**DESCRIPTION OF THE TASK:** In the material below, the lines between the one holding "Donald Trump’s Oval" and the one holding "Букет из 25 гербер микс в шляпной коробке", inclusive, are to be set down word for word. Pictures stay out.

**DATA EXCERPTS:**
──────────

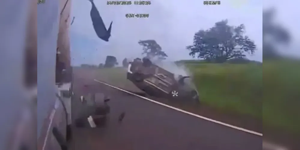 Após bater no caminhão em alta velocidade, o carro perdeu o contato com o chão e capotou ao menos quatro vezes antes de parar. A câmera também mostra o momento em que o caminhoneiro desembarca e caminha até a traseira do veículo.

──────────

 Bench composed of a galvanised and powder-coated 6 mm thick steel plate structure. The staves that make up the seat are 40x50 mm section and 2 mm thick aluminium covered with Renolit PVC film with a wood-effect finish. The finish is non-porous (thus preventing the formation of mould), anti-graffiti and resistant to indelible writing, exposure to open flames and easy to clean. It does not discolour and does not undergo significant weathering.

──────────

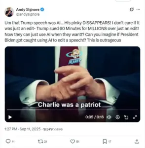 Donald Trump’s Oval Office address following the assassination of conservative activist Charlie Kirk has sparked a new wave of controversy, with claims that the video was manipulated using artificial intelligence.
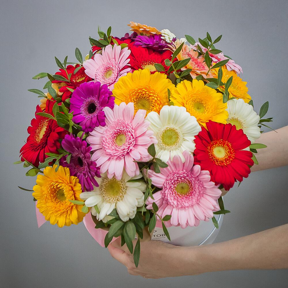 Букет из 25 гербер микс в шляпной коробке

──────────

**ANSWER TO THIS EXERCISE:**
 Donald Trump’s Oval Office address following the assassination of conservative activist Charlie Kirk has sparked a new wave of controversy, with claims that the video was manipulated using artificial intelligence.
 Букет из 25 гербер микс в шляпной коробке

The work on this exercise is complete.